I ran into Jobs in the demo room that day and asked him if he'd thought about creating a case for the iPod. He looked at me and narrowed his eyes. "What for? It fits in your pocket." I gestured to the pocketless skirt I was wearing and said, "Some of us don't carry things in our pocket -- we put them in our purses. This thing is going to get scratched in there." He just narrowed his eyes at me again and walked off.
I handed off my iPod and the bag of CDs to my husband when I got home (he thought it was cool -- as did the line of neighbors who showed up at our door to try it out over the next week). I headed to my sewing basket, pulled out some black-and-white fabric and sewed a rectangular sack with a drawstring. Like I said, I didn't want the white coating on the front and the shiny aluminum back of the chassis to get scratched.
I listened to that iPod pretty much every day for the next 10 years, replacing it over time with an iPod Mini (mint green) because it was even smaller, with a higher-capacity drive.
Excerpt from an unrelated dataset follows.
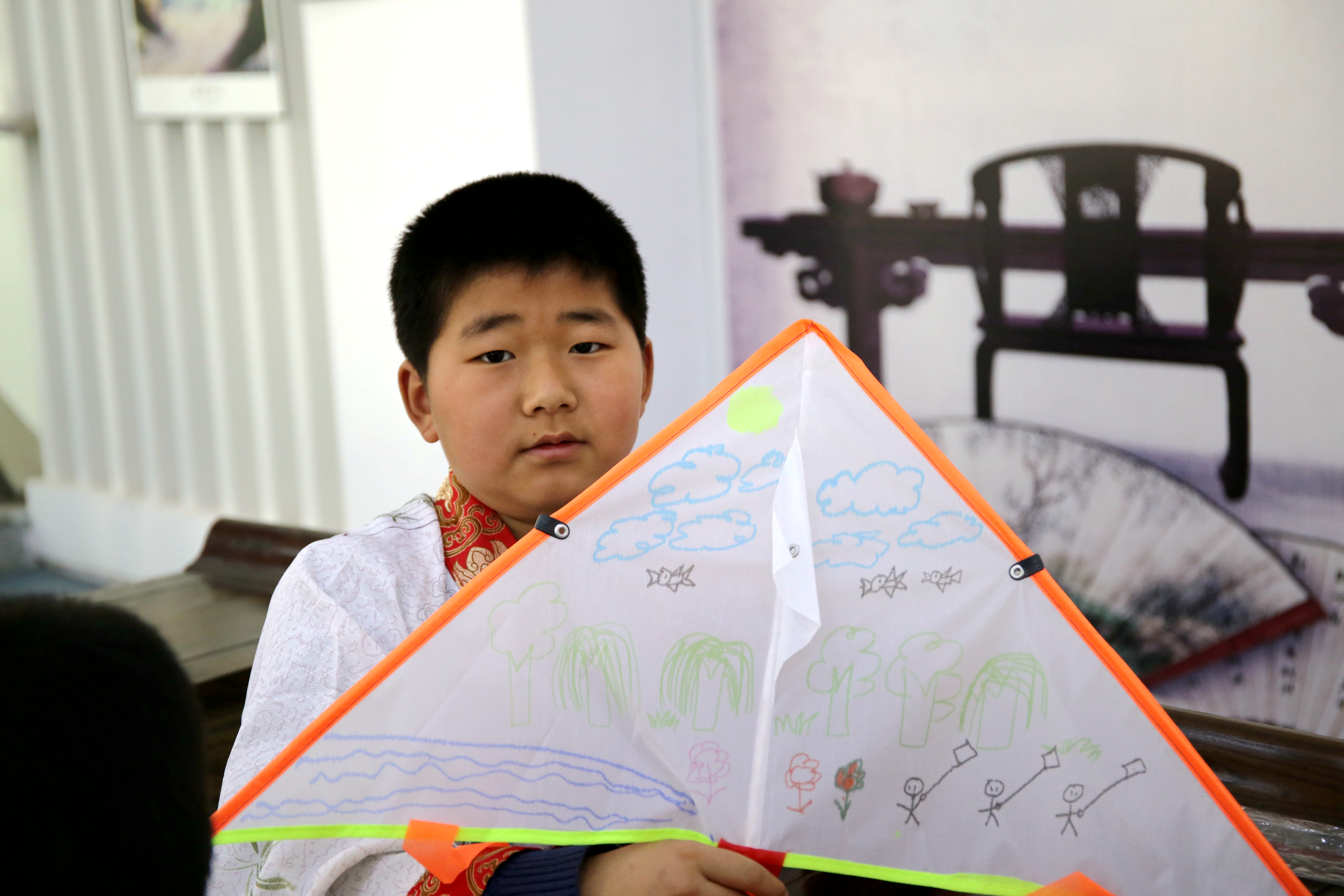 展示自己的DIY的風(fēng)箏 圖片來源:全椒縣圖書館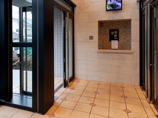 日当たりが良い、開放感あふれるエントランスです。安心してお過ごしいただける環境をご提供します。

Twenty years later, I pulled out my pristine version 1.0 iPod from my drawer for the first time in at least half a decade and turned it on. It didn't power up until I plugged it in using the original charging cable. I lost the earbuds a long time ago, but the speaker jack works just fine and all the music is still there -- along with that satisfying click wheel. It's still as cool as the day I got it.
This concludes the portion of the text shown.